▸ **EXERCISE DIRECTIONS**:
Copy exactly, from the beginning of the material below, every line up to and including the one holding "湖南寧遠(yuǎn)一小學(xué)發(fā)生砍人事件", with the pictures left out.

▸ **DATASET EXTRACT**:

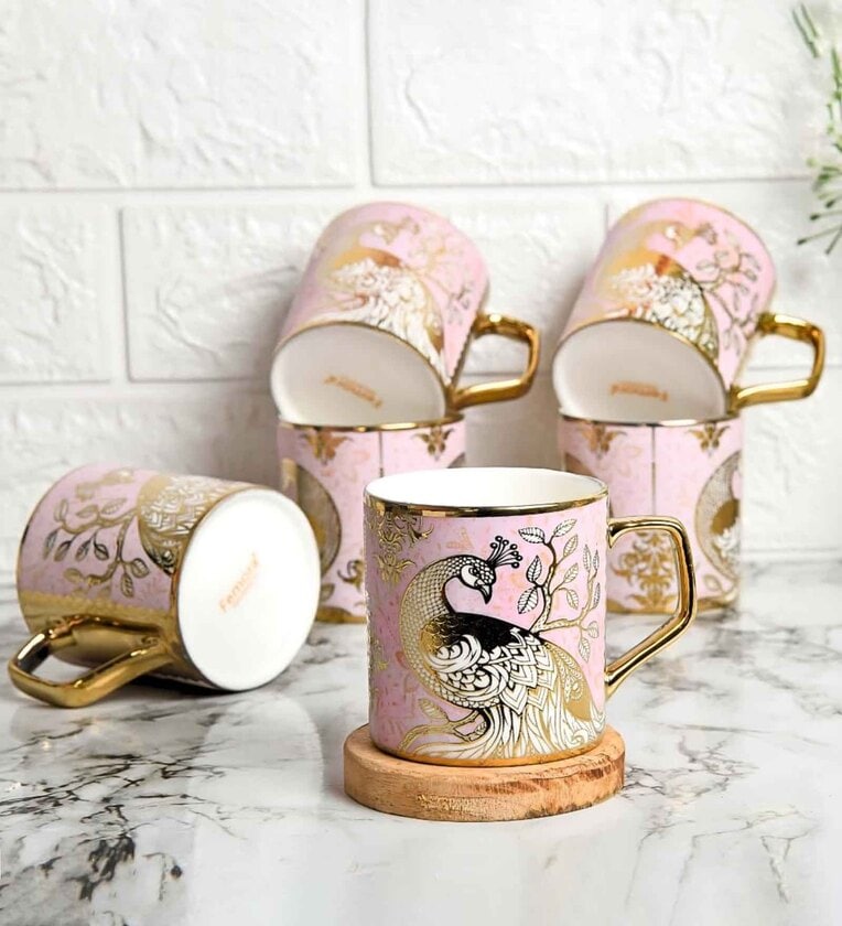 Pink 180 ml Ceramic Peacock (Set of 4) Tea Cup Set
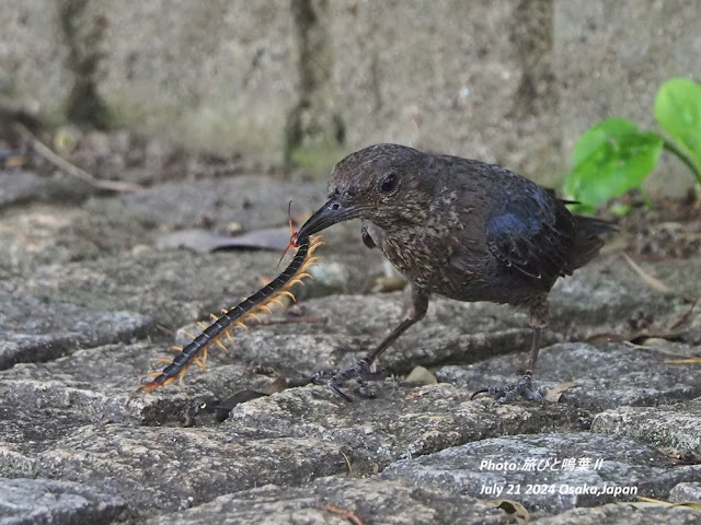 イソヒヨドリと百足 Blue Rock Thrush 磯鵯(Iso-Hiyodoli)25cm 留鳥
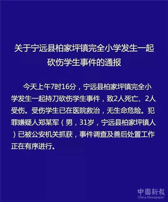 湖南寧遠(yuǎn)一小學(xué)發(fā)生砍人事件致2死2傷 嫌疑人已被警方抓獲
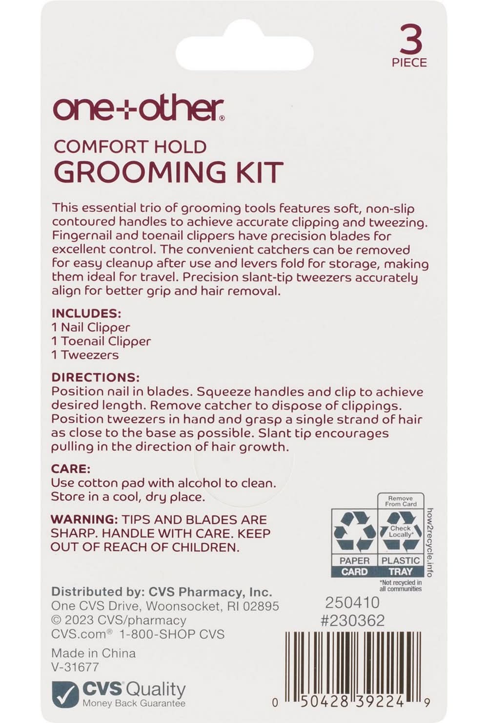 Features non-slip contoured handle For accurate clipping and tweezing Helps you achieve salon-style manicures and pedicures. Our self-care essentials are simply fun to mix+match. Because everyone deserves to feel good like her, him, them and especially you. Nail grooming is essential for everyone. However, going to the salon every time you need your nails sorted can be expensive and time-consuming. If you want to groom your nails at home, the Comfort Hold Grooming Kit will be your new favorite. This nail grooming set comes with a nail clipper, toenail clipper, and stainless steel tweezers. These three tools have soft, textured, non-slip contoured handles to help you achieve effortless and accurate clipping and tweezing. This kit also has catchers that are removable for easy cleanup after every use. The levers conveniently fold to make storage easier. This product is very portable, so aside from keeping it in your home, you can also bring it while traveling. This grooming kit is suitable for everyone. If you have cracked or split nails, you can use this grooming kit to trim them and keep them clean. If you don't clean and trim your nails, they can get brittle. They will also look unsightly and dirty. Directions First, position your nail on the blades and squeeze the handles to clip it to your desired length. Remove the catcher to dispose of your nail clippings. To use the pair of tweezers, position it near the root of the hair and pull. To clean, soak a cotton pad with alcohol and use it to wipe. Comfort Hold Grooming Kit. Store it in a cool and dry place. Warning The tip of the tweezers is sharp. Please keep it away from children.

▸ **OUTPUT OF THE EXERCISE**:
 Pink 180 ml Ceramic Peacock (Set of 4) Tea Cup Set
 イソヒヨドリと百足 Blue Rock Thrush 磯鵯(Iso-Hiyodoli)25cm 留鳥
 湖南寧遠(yuǎn)一小學(xué)發(fā)生砍人事件致2死2傷 嫌疑人已被警方抓獲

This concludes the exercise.